(Extracted data entries)

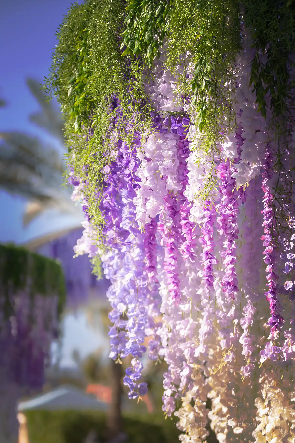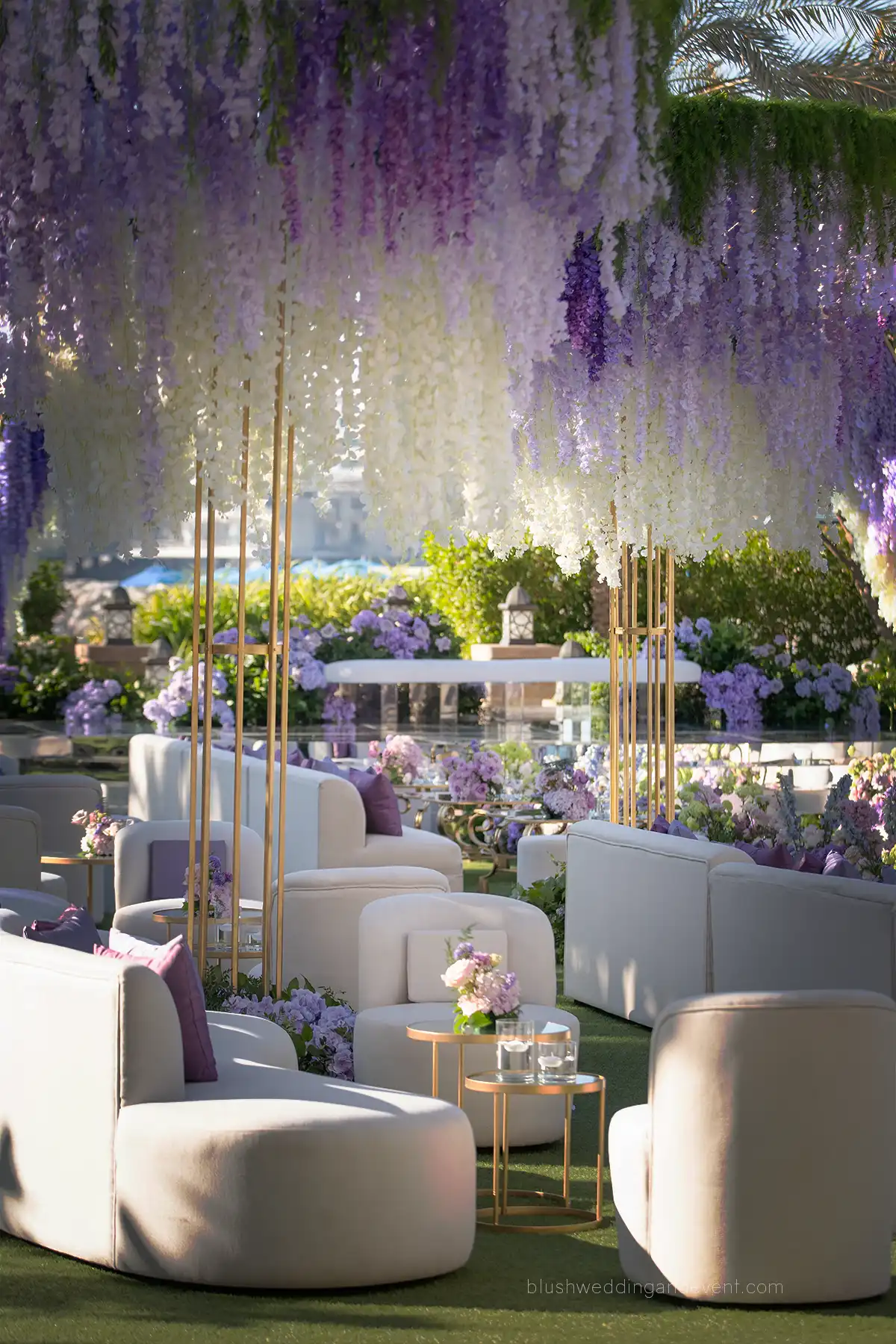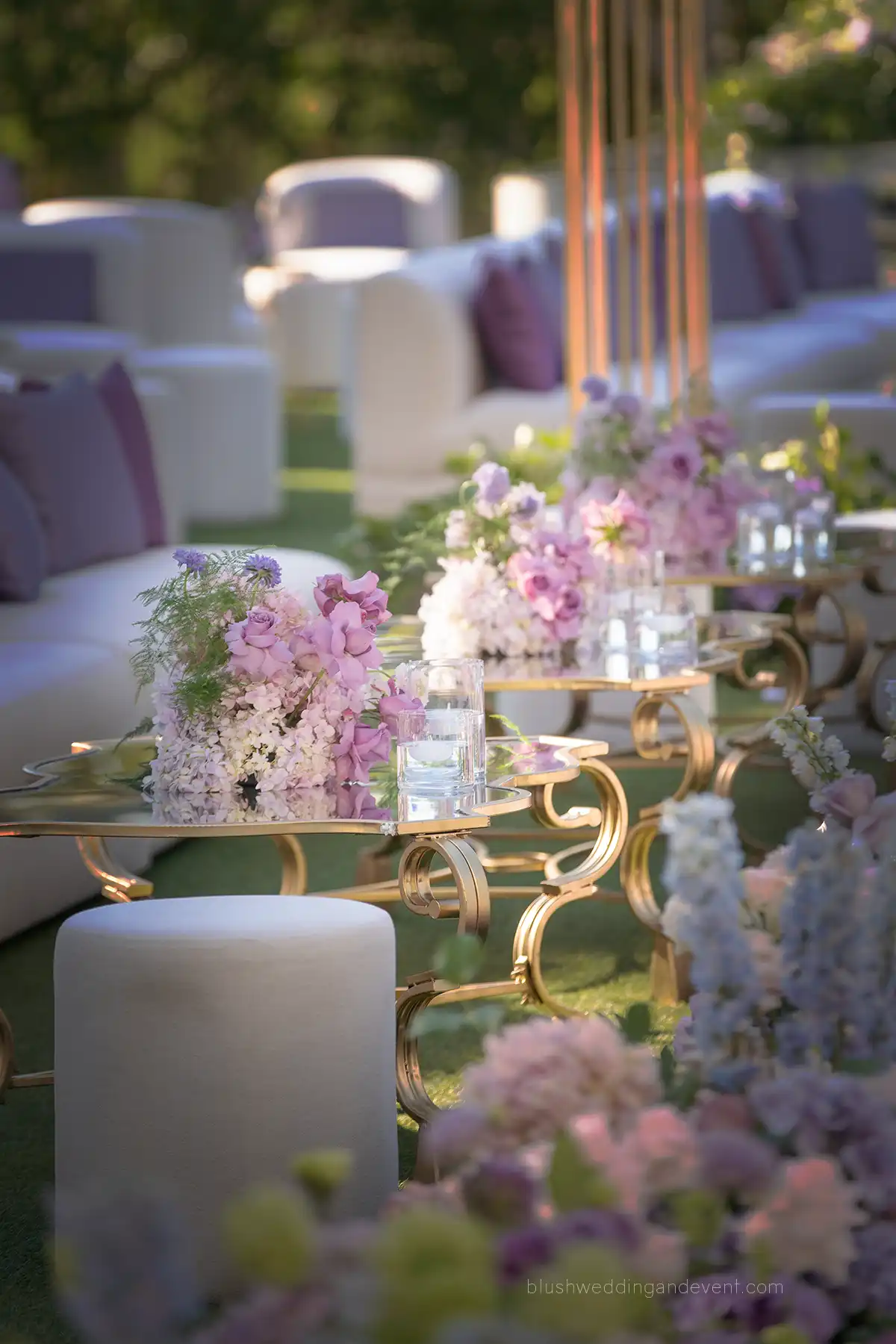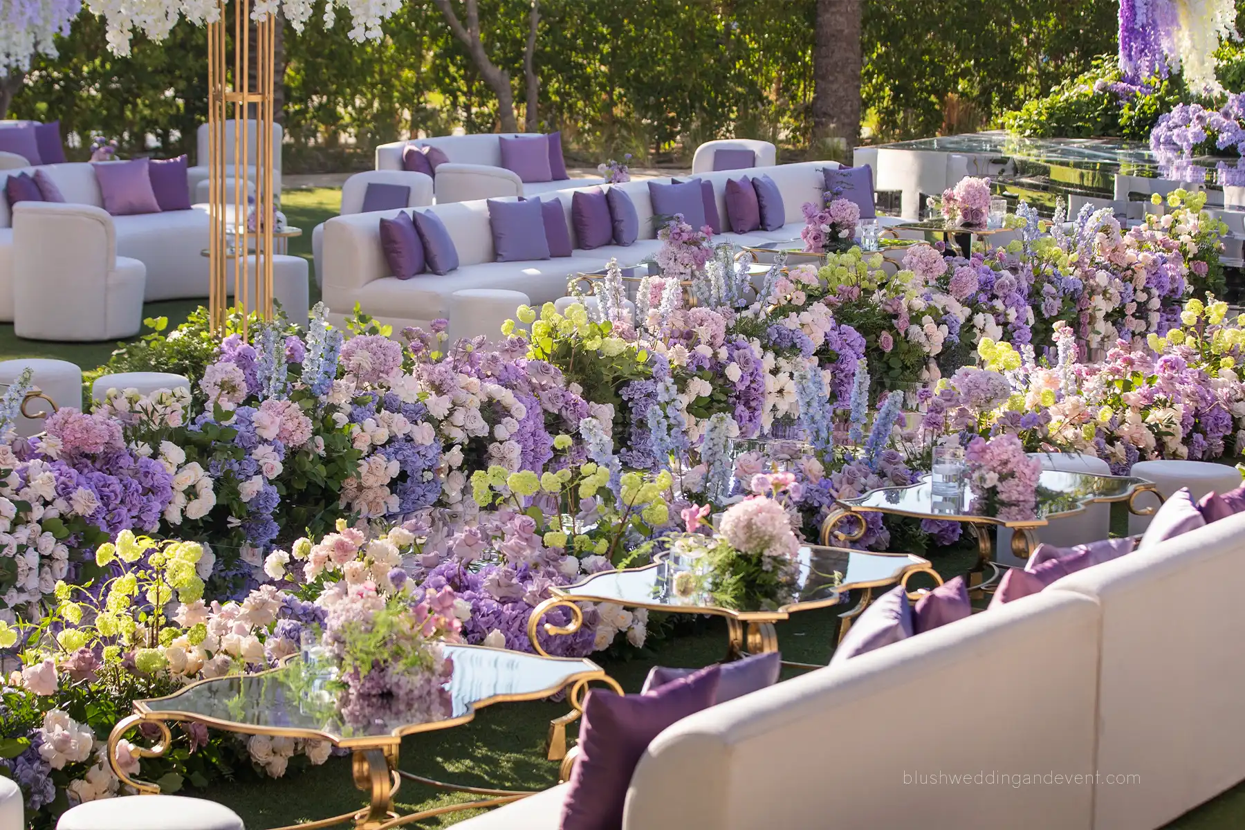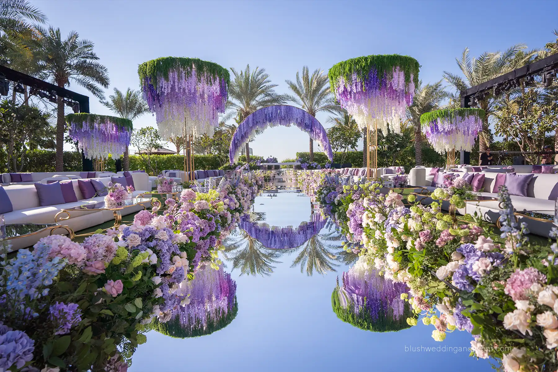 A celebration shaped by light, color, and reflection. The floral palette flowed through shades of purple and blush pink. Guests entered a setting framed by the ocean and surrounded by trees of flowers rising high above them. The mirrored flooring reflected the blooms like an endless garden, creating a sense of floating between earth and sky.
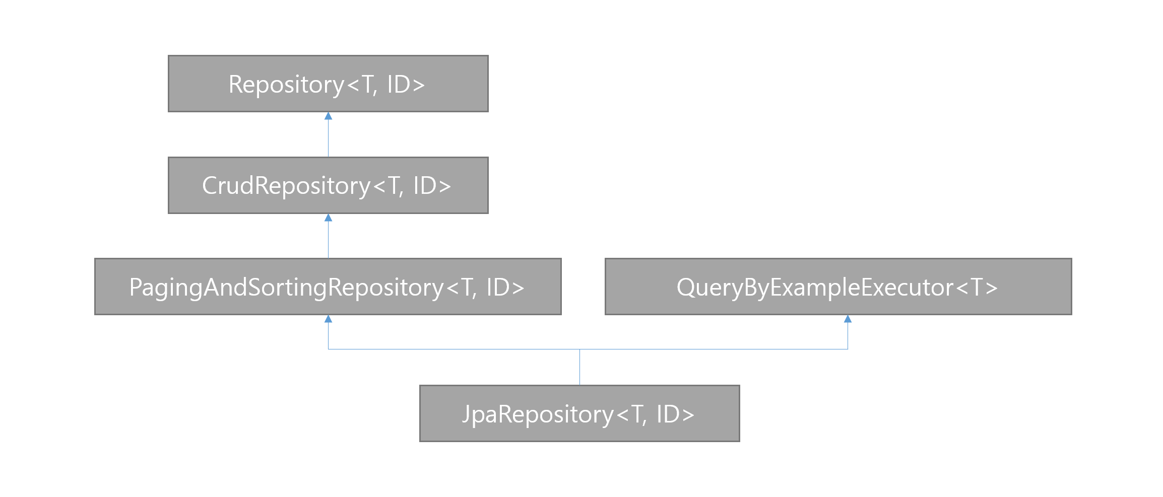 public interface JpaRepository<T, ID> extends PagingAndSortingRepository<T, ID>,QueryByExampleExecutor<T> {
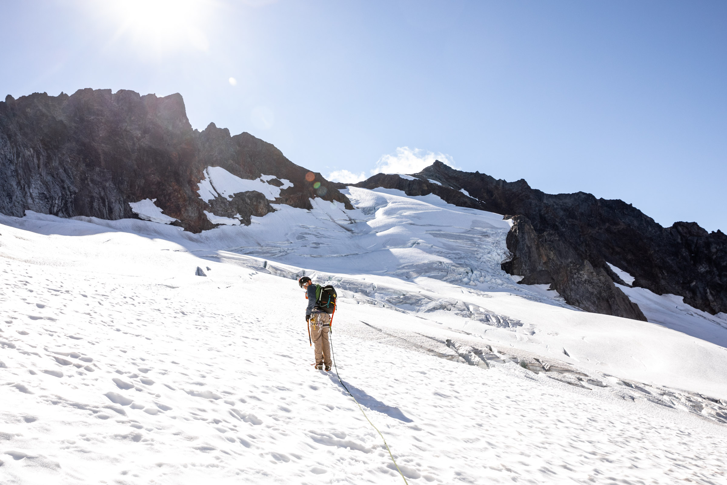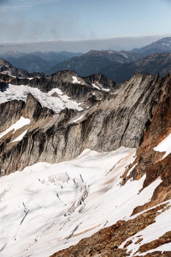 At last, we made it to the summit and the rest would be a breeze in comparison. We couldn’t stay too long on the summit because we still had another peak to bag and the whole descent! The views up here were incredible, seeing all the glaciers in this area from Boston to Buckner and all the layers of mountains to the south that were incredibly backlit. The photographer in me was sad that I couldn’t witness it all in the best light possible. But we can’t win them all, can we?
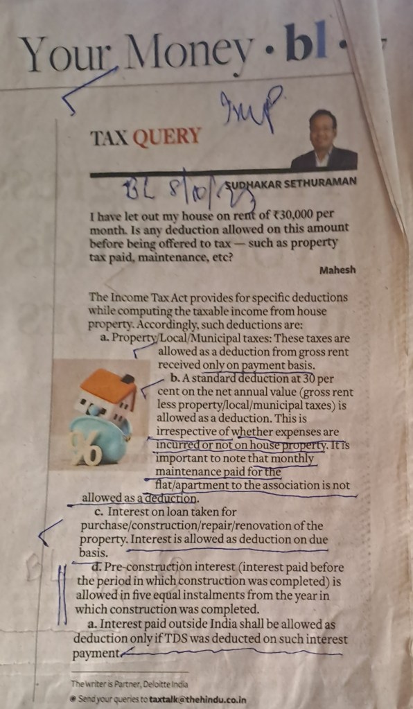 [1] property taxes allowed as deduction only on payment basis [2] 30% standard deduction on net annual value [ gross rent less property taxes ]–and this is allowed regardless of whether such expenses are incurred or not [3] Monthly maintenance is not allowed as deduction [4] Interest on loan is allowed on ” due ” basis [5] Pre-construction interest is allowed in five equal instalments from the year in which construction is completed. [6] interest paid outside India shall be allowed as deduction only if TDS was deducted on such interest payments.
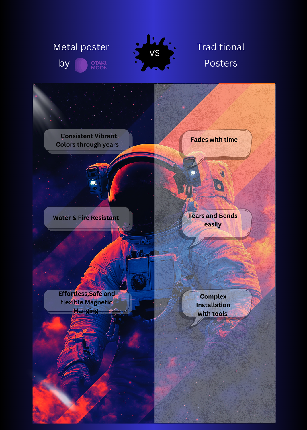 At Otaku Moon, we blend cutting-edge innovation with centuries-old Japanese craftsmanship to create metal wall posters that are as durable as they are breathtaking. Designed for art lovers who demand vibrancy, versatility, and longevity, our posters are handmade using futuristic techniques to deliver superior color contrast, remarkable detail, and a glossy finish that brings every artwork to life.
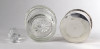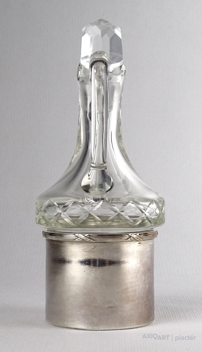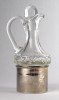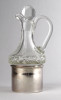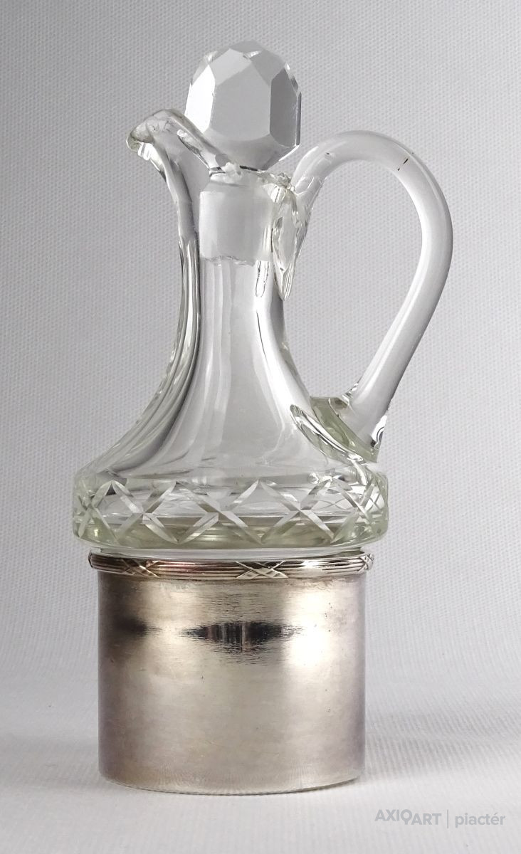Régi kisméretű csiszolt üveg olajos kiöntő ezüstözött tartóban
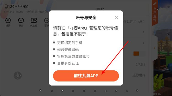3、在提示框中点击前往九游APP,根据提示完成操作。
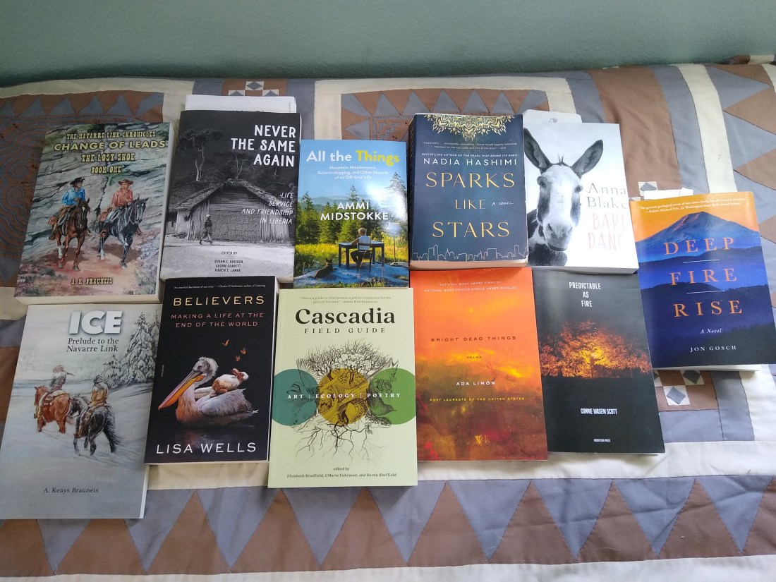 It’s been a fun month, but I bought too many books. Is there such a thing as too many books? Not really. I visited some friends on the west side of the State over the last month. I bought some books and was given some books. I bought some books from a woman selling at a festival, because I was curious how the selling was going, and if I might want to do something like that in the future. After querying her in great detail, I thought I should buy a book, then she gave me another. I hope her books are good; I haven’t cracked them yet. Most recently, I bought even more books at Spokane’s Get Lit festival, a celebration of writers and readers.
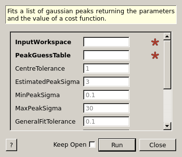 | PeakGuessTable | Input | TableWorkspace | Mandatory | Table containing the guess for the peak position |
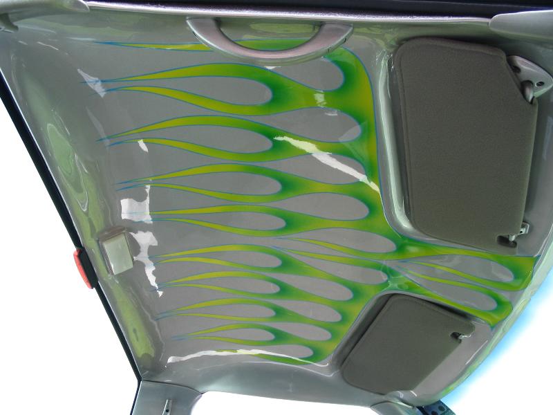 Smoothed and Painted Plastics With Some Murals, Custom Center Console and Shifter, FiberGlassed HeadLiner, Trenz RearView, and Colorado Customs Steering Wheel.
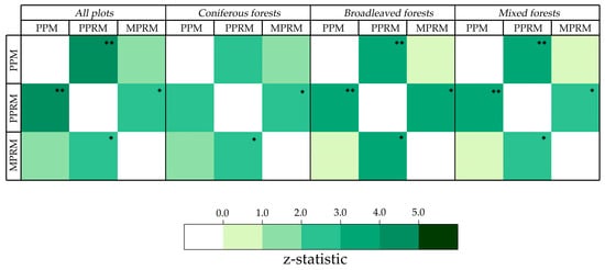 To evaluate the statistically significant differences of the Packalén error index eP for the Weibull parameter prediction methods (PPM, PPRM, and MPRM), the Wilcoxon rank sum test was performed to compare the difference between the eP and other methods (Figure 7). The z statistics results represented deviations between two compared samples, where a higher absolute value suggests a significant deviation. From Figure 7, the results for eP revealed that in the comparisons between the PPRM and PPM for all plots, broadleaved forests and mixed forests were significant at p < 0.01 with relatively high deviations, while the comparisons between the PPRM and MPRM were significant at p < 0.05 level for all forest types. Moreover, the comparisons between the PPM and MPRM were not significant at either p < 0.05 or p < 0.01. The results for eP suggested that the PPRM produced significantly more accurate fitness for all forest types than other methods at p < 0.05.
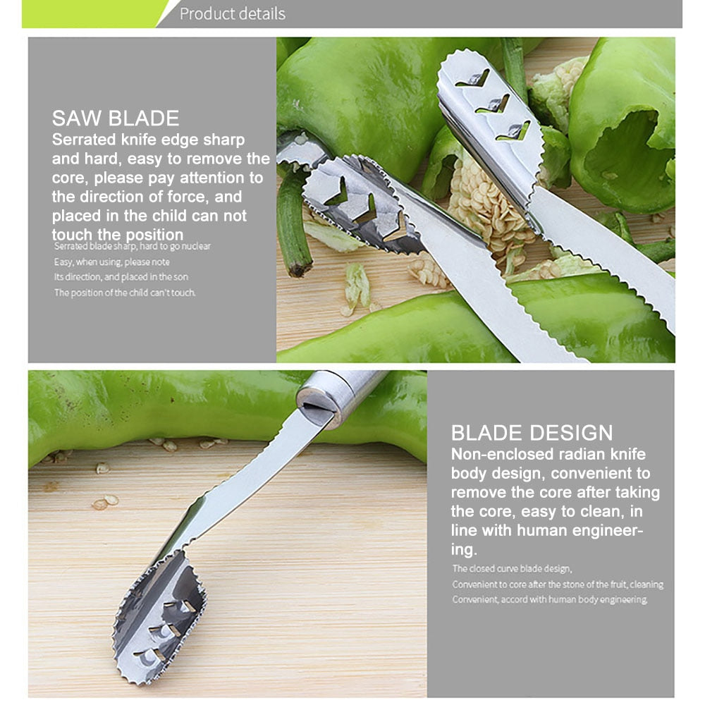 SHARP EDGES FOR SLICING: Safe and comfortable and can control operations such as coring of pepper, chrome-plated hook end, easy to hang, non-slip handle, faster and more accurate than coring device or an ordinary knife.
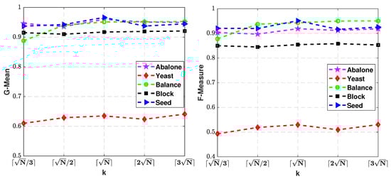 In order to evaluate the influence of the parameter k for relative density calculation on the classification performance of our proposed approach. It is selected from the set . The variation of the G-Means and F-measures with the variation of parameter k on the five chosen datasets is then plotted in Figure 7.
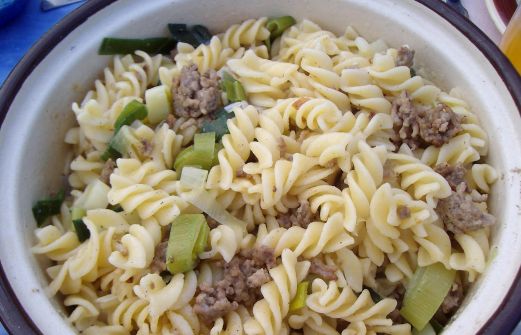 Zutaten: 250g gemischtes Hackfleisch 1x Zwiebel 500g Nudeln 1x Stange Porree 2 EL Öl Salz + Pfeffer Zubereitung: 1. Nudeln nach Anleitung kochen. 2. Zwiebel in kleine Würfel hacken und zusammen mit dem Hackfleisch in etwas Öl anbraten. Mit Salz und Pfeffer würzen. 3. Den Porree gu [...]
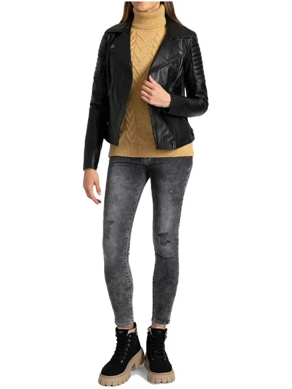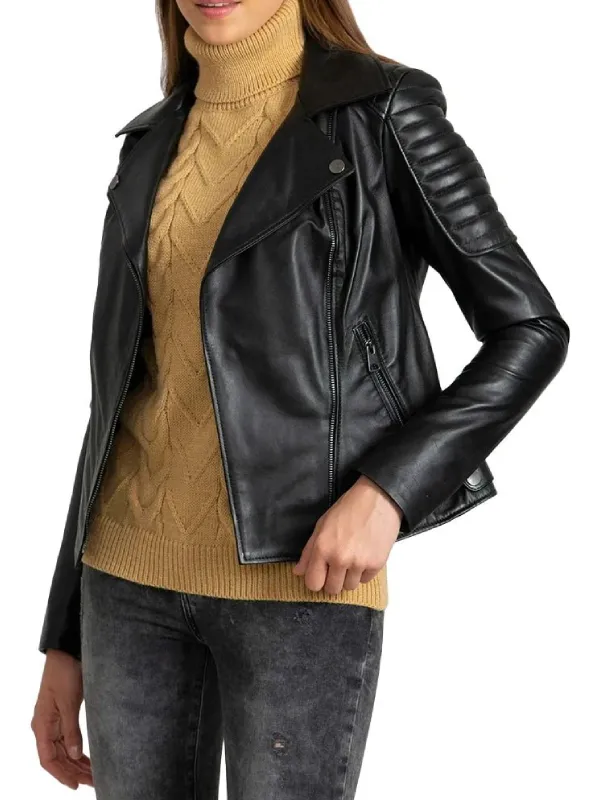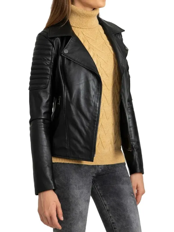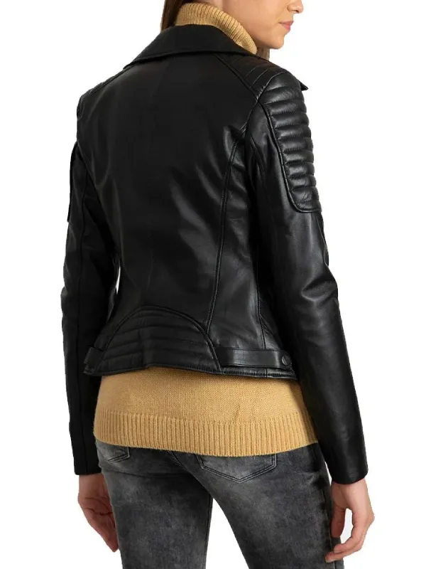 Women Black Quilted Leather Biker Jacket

Exercise: When you repeat the records, reproduce each line exactly and drop the images.

Written reply:
 A celebration shaped by light, color, and reflection. The floral palette flowed through shades of purple and blush pink. Guests entered a setting framed by the ocean and surrounded by trees of flowers rising high above them. The mirrored flooring reflected the blooms like an endless garden, creating a sense of floating between earth and sky.
 public interface JpaRepository<T, ID> extends PagingAndSortingRepository<T, ID>,QueryByExampleExecutor<T> {
 At last, we made it to the summit and the rest would be a breeze in comparison. We couldn’t stay too long on the summit because we still had another peak to bag and the whole descent! The views up here were incredible, seeing all the glaciers in this area from Boston to Buckner and all the layers of mountains to the south that were incredibly backlit. The photographer in me was sad that I couldn’t witness it all in the best light possible. But we can’t win them all, can we?
 [1] property taxes allowed as deduction only on payment basis [2] 30% standard deduction on net annual value [ gross rent less property taxes ]–and this is allowed regardless of whether such expenses are incurred or not [3] Monthly maintenance is not allowed as deduction [4] Interest on loan is allowed on ” due ” basis [5] Pre-construction interest is allowed in five equal instalments from the year in which construction is completed. [6] interest paid outside India shall be allowed as deduction only if TDS was deducted on such interest payments.
 At Otaku Moon, we blend cutting-edge innovation with centuries-old Japanese craftsmanship to create metal wall posters that are as durable as they are breathtaking. Designed for art lovers who demand vibrancy, versatility, and longevity, our posters are handmade using futuristic techniques to deliver superior color contrast, remarkable detail, and a glossy finish that brings every artwork to life.
Régi kisméretű csiszolt üveg olajos kiöntő ezüstözött tartóban
3、在提示框中点击前往九游APP,根据提示完成操作。
 It’s been a fun month, but I bought too many books. Is there such a thing as too many books? Not really. I visited some friends on the west side of the State over the last month. I bought some books and was given some books. I bought some books from a woman selling at a festival, because I was curious how the selling was going, and if I might want to do something like that in the future. After querying her in great detail, I thought I should buy a book, then she gave me another. I hope her books are good; I haven’t cracked them yet. Most recently, I bought even more books at Spokane’s Get Lit festival, a celebration of writers and readers.
 | PeakGuessTable | Input | TableWorkspace | Mandatory | Table containing the guess for the peak position |
 Smoothed and Painted Plastics With Some Murals, Custom Center Console and Shifter, FiberGlassed HeadLiner, Trenz RearView, and Colorado Customs Steering Wheel.
 To evaluate the statistically significant differences of the Packalén error index eP for the Weibull parameter prediction methods (PPM, PPRM, and MPRM), the Wilcoxon rank sum test was performed to compare the difference between the eP and other methods (Figure 7). The z statistics results represented deviations between two compared samples, where a higher absolute value suggests a significant deviation. From Figure 7, the results for eP revealed that in the comparisons between the PPRM and PPM for all plots, broadleaved forests and mixed forests were significant at p < 0.01 with relatively high deviations, while the comparisons between the PPRM and MPRM were significant at p < 0.05 level for all forest types. Moreover, the comparisons between the PPM and MPRM were not significant at either p < 0.05 or p < 0.01. The results for eP suggested that the PPRM produced significantly more accurate fitness for all forest types than other methods at p < 0.05.
 SHARP EDGES FOR SLICING: Safe and comfortable and can control operations such as coring of pepper, chrome-plated hook end, easy to hang, non-slip handle, faster and more accurate than coring device or an ordinary knife.
 In order to evaluate the influence of the parameter k for relative density calculation on the classification performance of our proposed approach. It is selected from the set . The variation of the G-Means and F-measures with the variation of parameter k on the five chosen datasets is then plotted in Figure 7.
 Zutaten: 250g gemischtes Hackfleisch 1x Zwiebel 500g Nudeln 1x Stange Porree 2 EL Öl Salz + Pfeffer Zubereitung: 1. Nudeln nach Anleitung kochen. 2. Zwiebel in kleine Würfel hacken und zusammen mit dem Hackfleisch in etwas Öl anbraten. Mit Salz und Pfeffer würzen. 3. Den Porree gu [...]
 Women Black Quilted Leather Biker Jacket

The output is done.